The solution to the Southern Ute question came in the form of a bill introduced into Congress by Andrew J. Hunter of Illinois, who was also a member of the House Committee on Indian Affairs. On April 23, 1894, he asked for the allotment of lands to the Southern Utes on their present reservation, the opening of the unallotted lands to white settlers, and the voiding of the 1880 Ute agreement, which called for the moving of the Utes to the La Plata River. The bill passed, and by 1899 the Utes had been allotted their land and the reservation was opened for settlement. However, all did not go as planned. Ignacio and the Weeminuche band of Utes refused to have anything to do with the allotment process, forcing the western end of the reservation to be reserved for them as land held in common.

Today, this area is called the Ute Mountain Ute reservation, with tribal headquarters located at Towaoc, Colorado. One member of that tribal council represents the only evidence of a Ute reservation in southeastern Utah, the White Mesa Utes, located just south of Blanding. These people had earlier held land in Allen Canyon and were moved to their present location by the government during the 1940s and 1950s.
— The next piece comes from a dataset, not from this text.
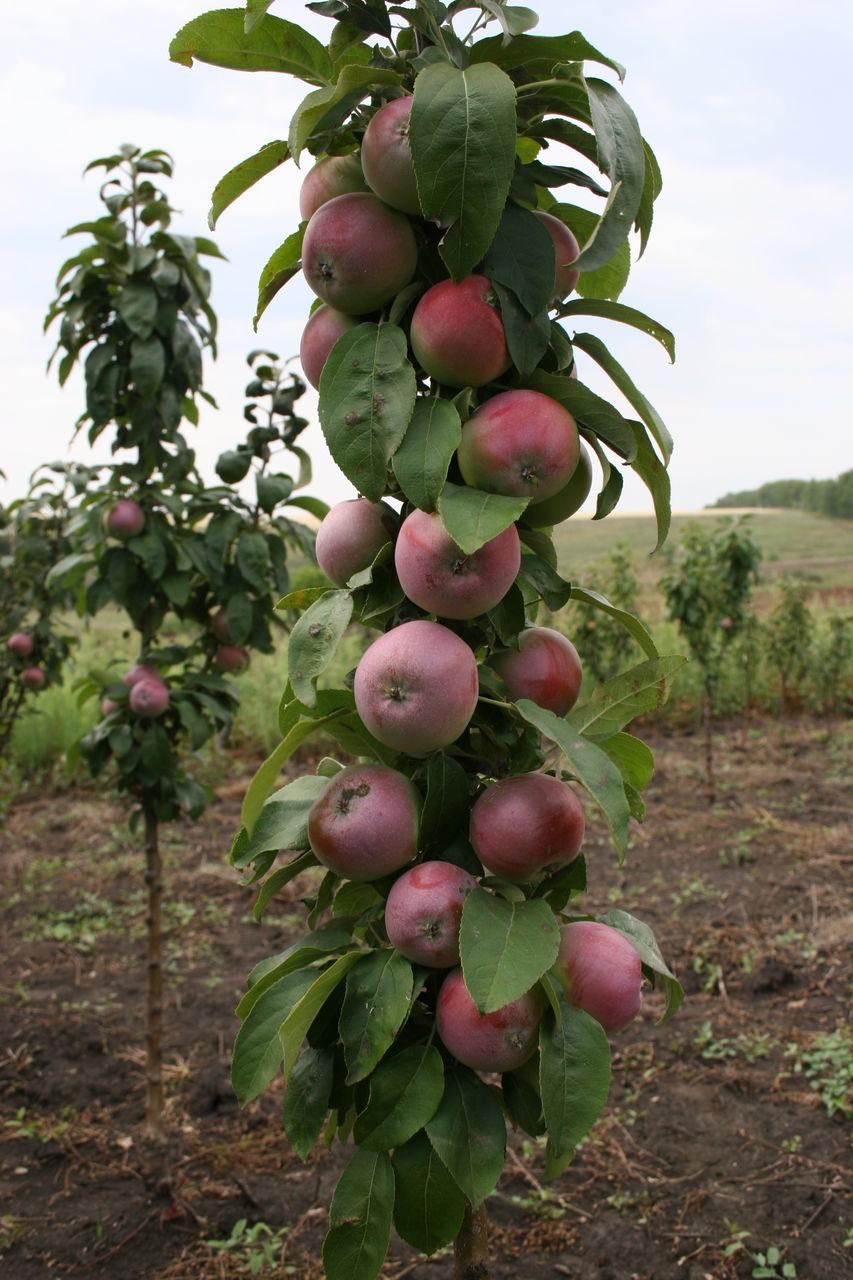 Саженцы колоновидной яблони Останкино принадлежат к сортам, устойчивым к заболеваниям. Дерево низкорослое, компактное, ствол прочный, выдерживает обильные урожаи. Плод средний, ярко-желтого оттенка с красным румянцем. Мякоть сочная, кисло-сладкая, структура мелкозернистая.

In conclusion, a review of the events leading to the attempted removal of the Southern Utes from Colorado represented a striking shift in national Indian policy for the 1880s. That an attempt was made to exchange a reservation of roughly one million acres for one of nearly three million acres severely violated the intent and meaning of the General Allotment Act of 1887. In the end, a land-hungry nation was not about to let this type of transaction take place, despite the political power of the people of the state of Colorado. During the 1890s national sentiment moved more towards leaving the Southern Utes in Colorado and providing them with the means of becoming Jeffersonian agrarians. One point seems certain. Had this area been legislated a Southern Ute reservation in 1889 or 1890, the history of San Juan County, Utah, would have been much different during the twentieth century.